Maashi looks up. ‘What happened? You two fighting again?’ her voice is warm and affectionate.
‘What else!‘ Rupa quips, glad to get a cue. ‘Why is he so crazy?’ She adds a fond smile.
‘He is an only child and over-pampered. I know. He does act unreasonable at times, but his heart is pure gold.’
Rupa knows the undertones behind maashi’s words. She chooses to overlook.
Suddenly she longed to be somewhere else, somewhere far away. She needed to calm the mind, quieten her body, reclaim herself.
‘Wait, I’ll fry you some crispy fritters.’
‘Not today Maashi, got to run. I’m already late!’
Maashi looks at her and then at the room upstairs.
‘Indro!’ She calls out. ‘Rupa says she’s leaving!’
The tall lean figure of Indro emerges at the door of his room. He looks composed.
‘Go see her off till the bus stop!’
‘Give me a minute!’ He goes into the room to put on his crocs and ambles down the stairs.

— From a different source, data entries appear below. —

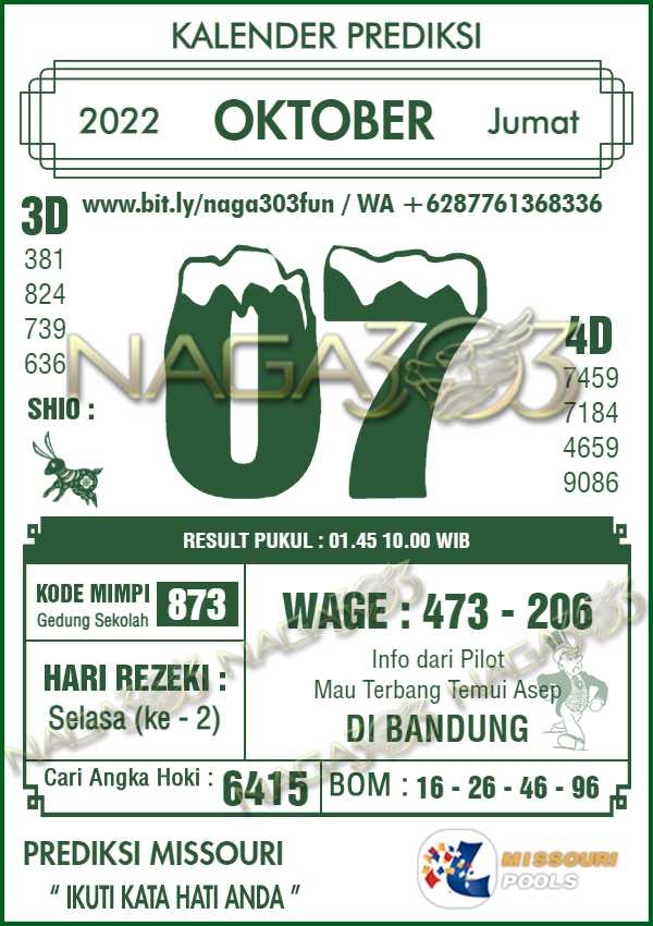 Prediksi Missouri Pools Jumat 07 Oktober 2022 | Web Toto Naga303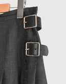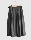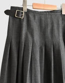 WORSTED WOOL LOW WAIST PLEATS WRAP SKIRT LENGTH 80cm (WITH PIN) Gray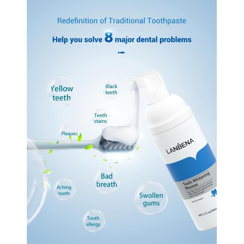 LANBENA Teeth Whitening Mousse for Easy and Effective Teeth Whitening Deep Cleaning Fresh Breath 60ml - Oral Care - Specification: 1pc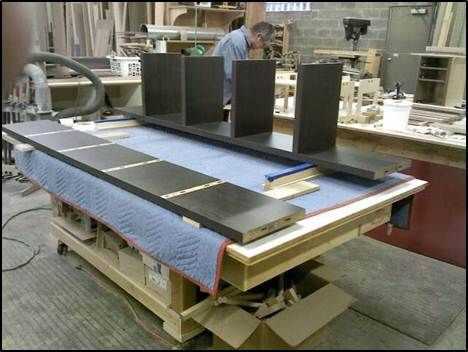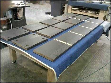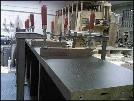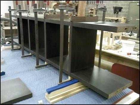 Diseño de las abrazaderas que se utilizará. Han mojado trapos para limpiar pegamento squeeze-out. Lugar uno de los divisores verticales en las canalizaciones verticales para levantar de la mesa tan abrazaderas y cauls pueden ser lugar debajo.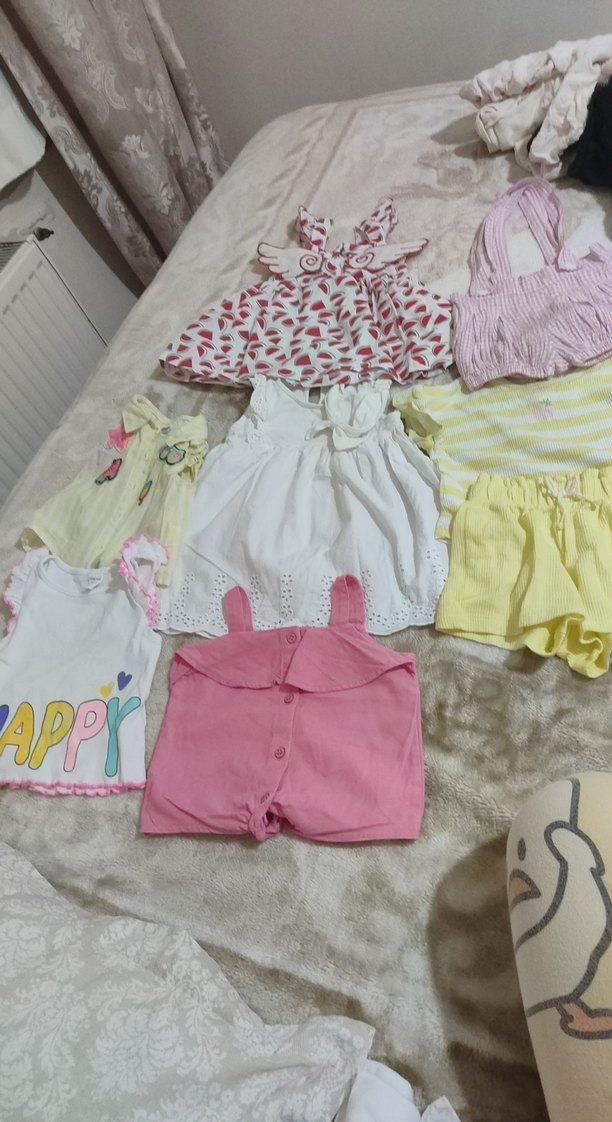 Nakışlı desenler ve dantel detaylara sahip pastel pembe kolsuz bebek kıyafet seti, zarif bir görünüm sunar.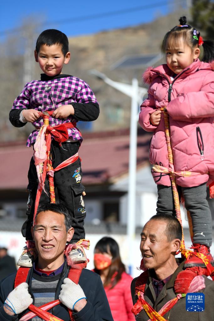 2月3日,寧夏固原市隆德縣觀莊鄉陽洼村村民在排練扛社火。扛社火是由身強力壯的成年男子肩扛起年齡較小的孩子,扮演成各種不同的戲曲人物,在行走中進行表演,是社火演出的一種形式。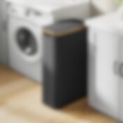 Lille badeværelseshylde med to vasketøjskurve - 92 liter - Grå / Brun / Sort

Once out, she takes a deep breath. The warm clammy sweat spreading under her arms and trickling down her back felt cool where the breeze touched. The store round the corner stood shut. The whole area was empty; only an old man pushed his ice cream cart along the deserted mufassil street oblivious of the blazing heat. He knows there are eager young children behind the closed windows waiting for his call. I-C-E-C-R-E-A-M!! The thought of ice cream sent a new rush of heat through her body. ‘Tell me you enjoyed the kiss!’ She moves her tongue over her lips. They feel bruised. The tingling sensation excites her once again. She goes back to the dark cool room to relive that reckless moment of pleasure. The kiss has stirred up myriad of pleasures, setting her body on fire. But Indro will never know. It will merely fuel his obsession. Why, Indro? You are just a boy of twenty! What do you know of marriage?
They walk in silence. Will this be their last walk together? Will she never see him again? Why is she feeling this hollow inside? Was Indro right? Is she in love with him?

At the bust stop, Indro takes her hand. ‘Won’t we meet again?
Rupa looks into his mournful eyes. I want to marry a man, Indro, not a boy. She says nothing.
He looks at her with longing. She looks at him with tenderness.
Why does it hurt so much?
She turns away abruptly and walks towards an approaching bus. From the window she sees Indro’s tall figure standing in the distance like a lonely autumn tree - dried out, leafless, drained.
May spring come and blossom him. She prays silently.
And what about you? A voice whispers within.
She looks away. She feels equally drained.
The bus takes her away like a giant wave, into the deep sea. She stares hard through her tears.
They say the sea returns whatever it carries away.